§ **Your assignment**
Exactly the lines from the one with "องค์อุปนายิกาผู้อำนวยการ สภากาชาดไทย ในโอกาสทรงเจริญพระชนมายุ" through the final line of the entries, and nothing else, should appear in the answer; no pictures go in it.

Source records
======

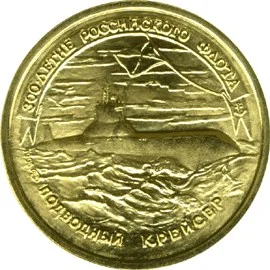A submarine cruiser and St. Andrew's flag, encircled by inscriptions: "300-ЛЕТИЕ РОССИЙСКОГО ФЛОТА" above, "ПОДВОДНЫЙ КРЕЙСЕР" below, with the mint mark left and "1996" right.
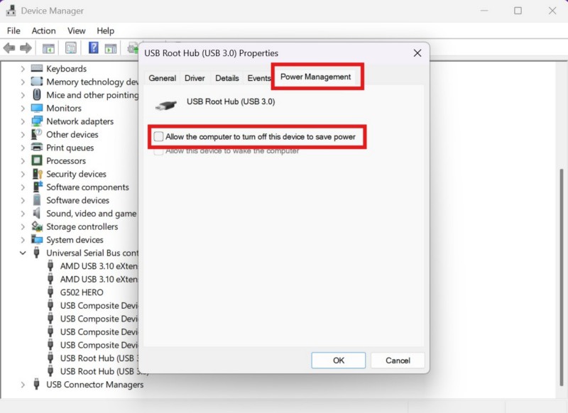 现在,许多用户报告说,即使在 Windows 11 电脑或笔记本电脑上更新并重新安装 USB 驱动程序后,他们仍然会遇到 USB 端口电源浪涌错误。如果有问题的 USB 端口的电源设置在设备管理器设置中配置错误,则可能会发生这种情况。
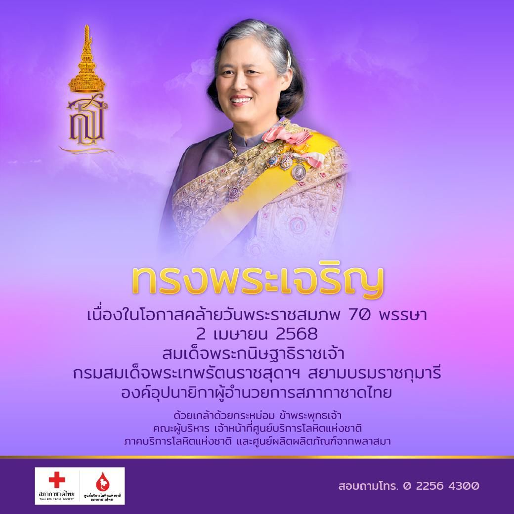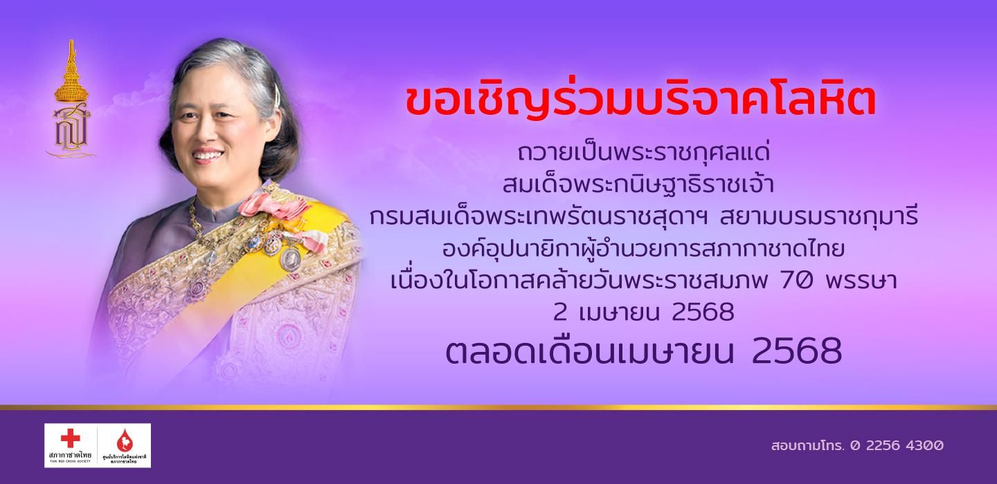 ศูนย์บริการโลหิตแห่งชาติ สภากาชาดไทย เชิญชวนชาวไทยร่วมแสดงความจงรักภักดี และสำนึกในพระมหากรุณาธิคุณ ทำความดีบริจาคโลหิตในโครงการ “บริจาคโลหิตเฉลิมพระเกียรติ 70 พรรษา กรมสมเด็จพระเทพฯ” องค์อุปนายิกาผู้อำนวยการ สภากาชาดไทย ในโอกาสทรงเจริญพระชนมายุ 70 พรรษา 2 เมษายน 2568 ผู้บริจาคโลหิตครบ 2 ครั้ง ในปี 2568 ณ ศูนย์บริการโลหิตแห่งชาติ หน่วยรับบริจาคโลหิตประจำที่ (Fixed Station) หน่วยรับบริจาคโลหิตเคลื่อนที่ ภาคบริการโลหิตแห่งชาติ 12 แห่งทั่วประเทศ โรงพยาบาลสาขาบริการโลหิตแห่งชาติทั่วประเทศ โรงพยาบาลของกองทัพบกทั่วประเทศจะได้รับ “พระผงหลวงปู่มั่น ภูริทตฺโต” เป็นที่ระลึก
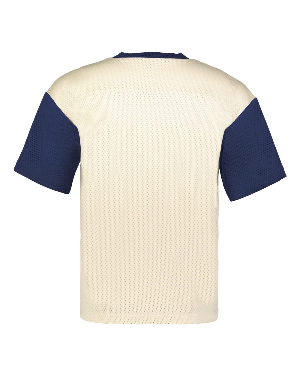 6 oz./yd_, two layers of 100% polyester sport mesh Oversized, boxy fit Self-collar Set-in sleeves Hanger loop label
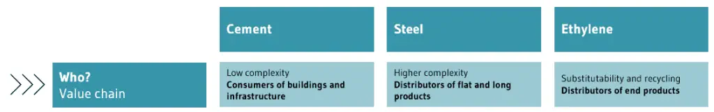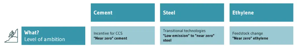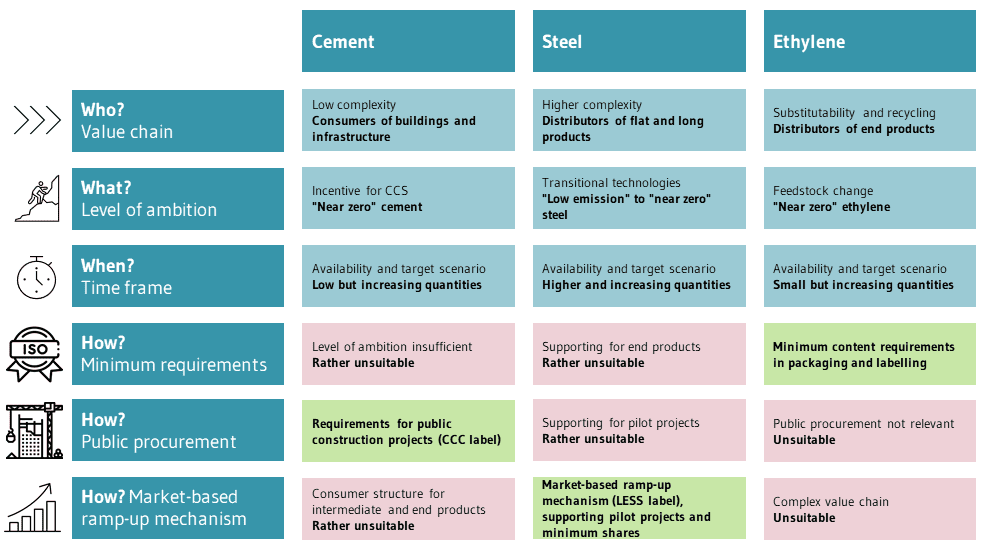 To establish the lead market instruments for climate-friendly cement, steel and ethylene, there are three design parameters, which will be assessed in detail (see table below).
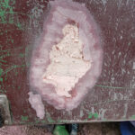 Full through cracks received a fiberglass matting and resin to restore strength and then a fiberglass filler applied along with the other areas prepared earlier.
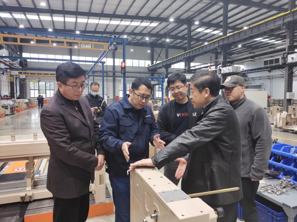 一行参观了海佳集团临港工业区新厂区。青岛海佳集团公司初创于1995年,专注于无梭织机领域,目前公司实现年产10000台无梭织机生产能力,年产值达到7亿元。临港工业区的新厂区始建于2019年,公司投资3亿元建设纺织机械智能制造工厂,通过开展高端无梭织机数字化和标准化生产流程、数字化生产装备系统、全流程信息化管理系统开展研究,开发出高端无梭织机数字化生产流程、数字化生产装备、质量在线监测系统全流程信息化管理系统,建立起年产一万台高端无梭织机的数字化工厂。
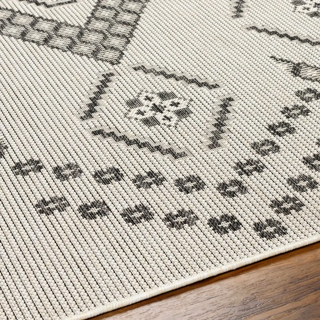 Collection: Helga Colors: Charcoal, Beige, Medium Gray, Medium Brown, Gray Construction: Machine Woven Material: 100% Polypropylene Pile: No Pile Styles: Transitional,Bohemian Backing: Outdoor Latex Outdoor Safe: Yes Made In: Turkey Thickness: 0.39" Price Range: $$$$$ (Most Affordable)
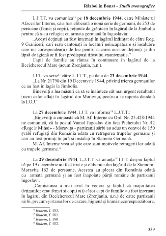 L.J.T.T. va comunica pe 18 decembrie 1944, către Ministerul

======

§ **Result**
 ศูนย์บริการโลหิตแห่งชาติ สภากาชาดไทย เชิญชวนชาวไทยร่วมแสดงความจงรักภักดี และสำนึกในพระมหากรุณาธิคุณ ทำความดีบริจาคโลหิตในโครงการ “บริจาคโลหิตเฉลิมพระเกียรติ 70 พรรษา กรมสมเด็จพระเทพฯ” องค์อุปนายิกาผู้อำนวยการ สภากาชาดไทย ในโอกาสทรงเจริญพระชนมายุ 70 พรรษา 2 เมษายน 2568 ผู้บริจาคโลหิตครบ 2 ครั้ง ในปี 2568 ณ ศูนย์บริการโลหิตแห่งชาติ หน่วยรับบริจาคโลหิตประจำที่ (Fixed Station) หน่วยรับบริจาคโลหิตเคลื่อนที่ ภาคบริการโลหิตแห่งชาติ 12 แห่งทั่วประเทศ โรงพยาบาลสาขาบริการโลหิตแห่งชาติทั่วประเทศ โรงพยาบาลของกองทัพบกทั่วประเทศจะได้รับ “พระผงหลวงปู่มั่น ภูริทตฺโต” เป็นที่ระลึก
 6 oz./yd_, two layers of 100% polyester sport mesh Oversized, boxy fit Self-collar Set-in sleeves Hanger loop label
 To establish the lead market instruments for climate-friendly cement, steel and ethylene, there are three design parameters, which will be assessed in detail (see table below).
 Full through cracks received a fiberglass matting and resin to restore strength and then a fiberglass filler applied along with the other areas prepared earlier.
 一行参观了海佳集团临港工业区新厂区。青岛海佳集团公司初创于1995年,专注于无梭织机领域,目前公司实现年产10000台无梭织机生产能力,年产值达到7亿元。临港工业区的新厂区始建于2019年,公司投资3亿元建设纺织机械智能制造工厂,通过开展高端无梭织机数字化和标准化生产流程、数字化生产装备系统、全流程信息化管理系统开展研究,开发出高端无梭织机数字化生产流程、数字化生产装备、质量在线监测系统全流程信息化管理系统,建立起年产一万台高端无梭织机的数字化工厂。
 Collection: Helga Colors: Charcoal, Beige, Medium Gray, Medium Brown, Gray Construction: Machine Woven Material: 100% Polypropylene Pile: No Pile Styles: Transitional,Bohemian Backing: Outdoor Latex Outdoor Safe: Yes Made In: Turkey Thickness: 0.39" Price Range: $$$$$ (Most Affordable)
 L.J.T.T. va comunica pe 18 decembrie 1944, către Ministerul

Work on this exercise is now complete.